▸ COLLECTED DATA
*** Begin section ***
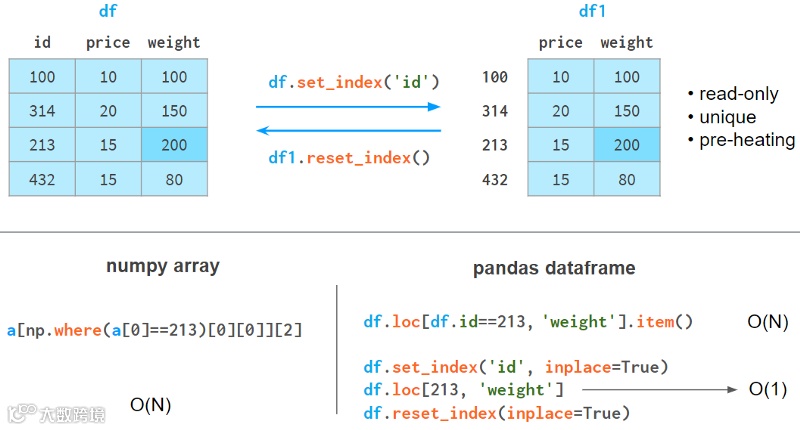 负责通过标签获取元素的对象称为index。它非常快:无论你有5行还是50亿行,你都可以在常量时间内获取一行数据。
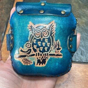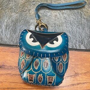 2 owl embossed leather handmade crossbody wristlet keychain bag handbag purse
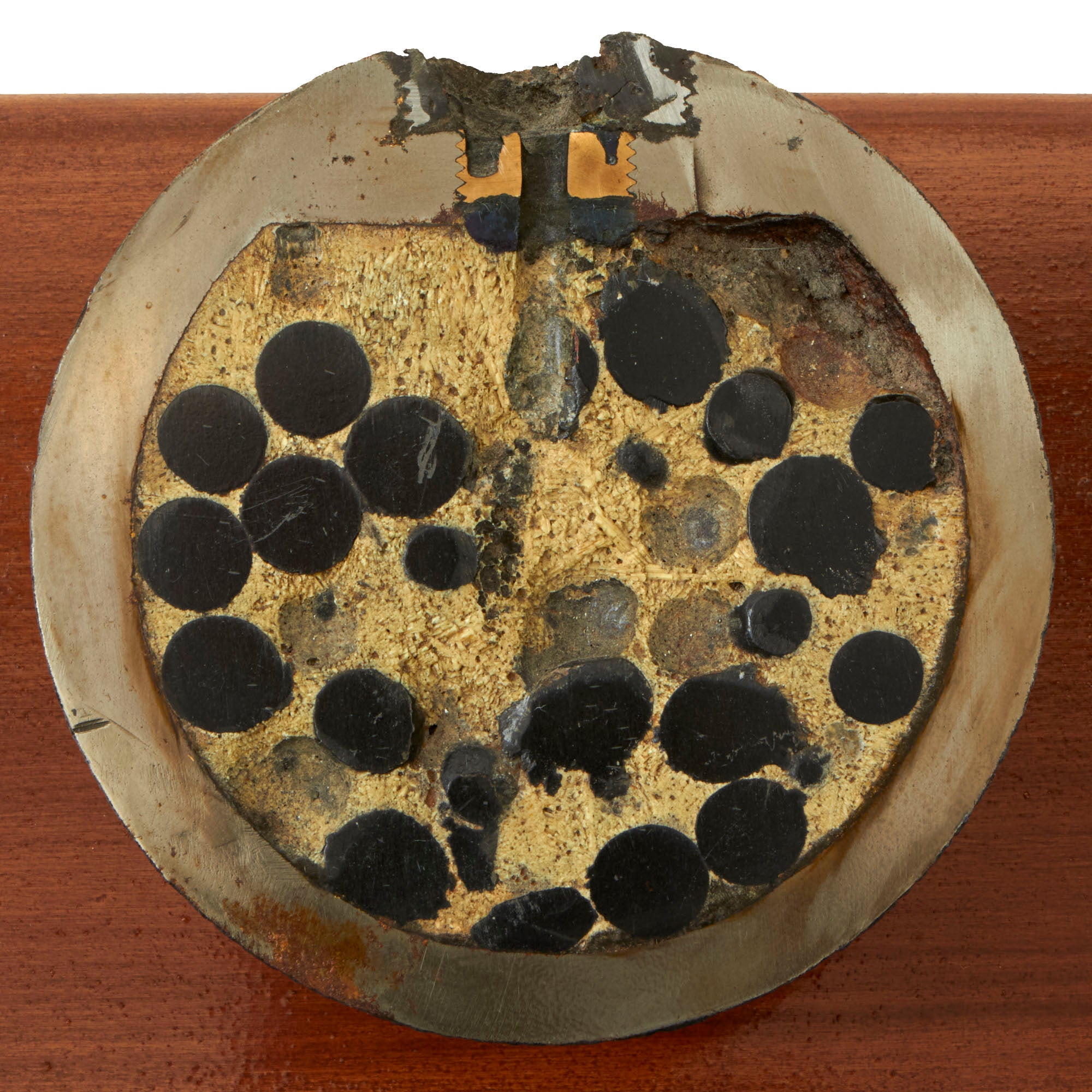 The cannonball is somewhat rusted, with the usual scaling and pitting scars seen on excavated ordnance. This has resulted in it being slightly larger than spec, as the rust scaling expands in size compared to the cast iron it is made of. It's definitely a nice looking example, with a great patina!
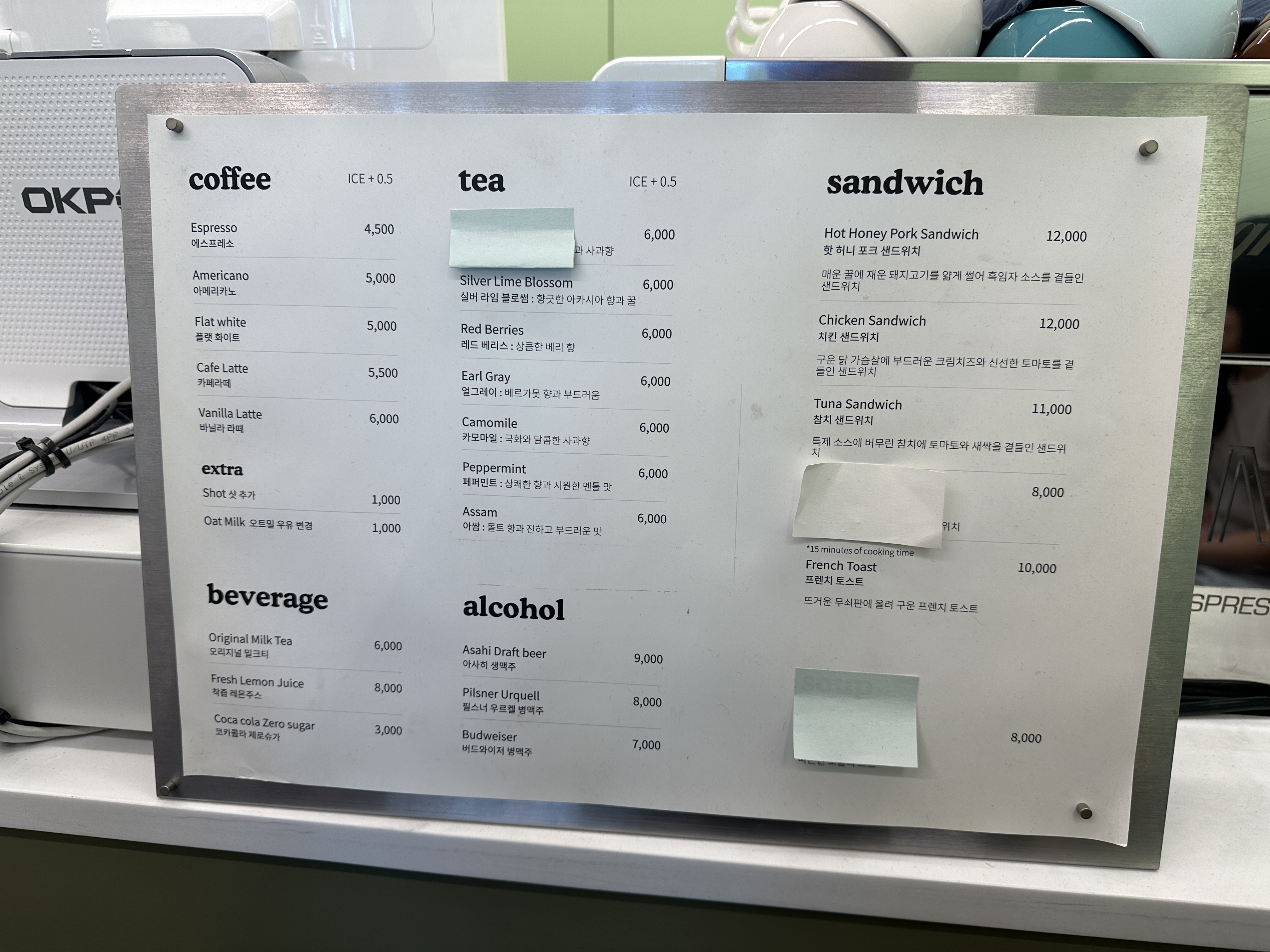C플라밍고(Cflamingo) 베이커리의 메뉴판입니다. 음료 2잔과 샌드위치를 주문했고, 지금 보니 케잌이 유명한가봐요.
*** End section ***
▸ WHAT YOU SHOULD DO
I need the lines from the line containing "2 owl embossed" through the final line of the listing duplicated exactly, both ends included, with no pictures and nothing else.

▸ SOLUTION FOR THIS PROBLEM
 2 owl embossed leather handmade crossbody wristlet keychain bag handbag purse
 The cannonball is somewhat rusted, with the usual scaling and pitting scars seen on excavated ordnance. This has resulted in it being slightly larger than spec, as the rust scaling expands in size compared to the cast iron it is made of. It's definitely a nice looking example, with a great patina!
C플라밍고(Cflamingo) 베이커리의 메뉴판입니다. 음료 2잔과 샌드위치를 주문했고, 지금 보니 케잌이 유명한가봐요.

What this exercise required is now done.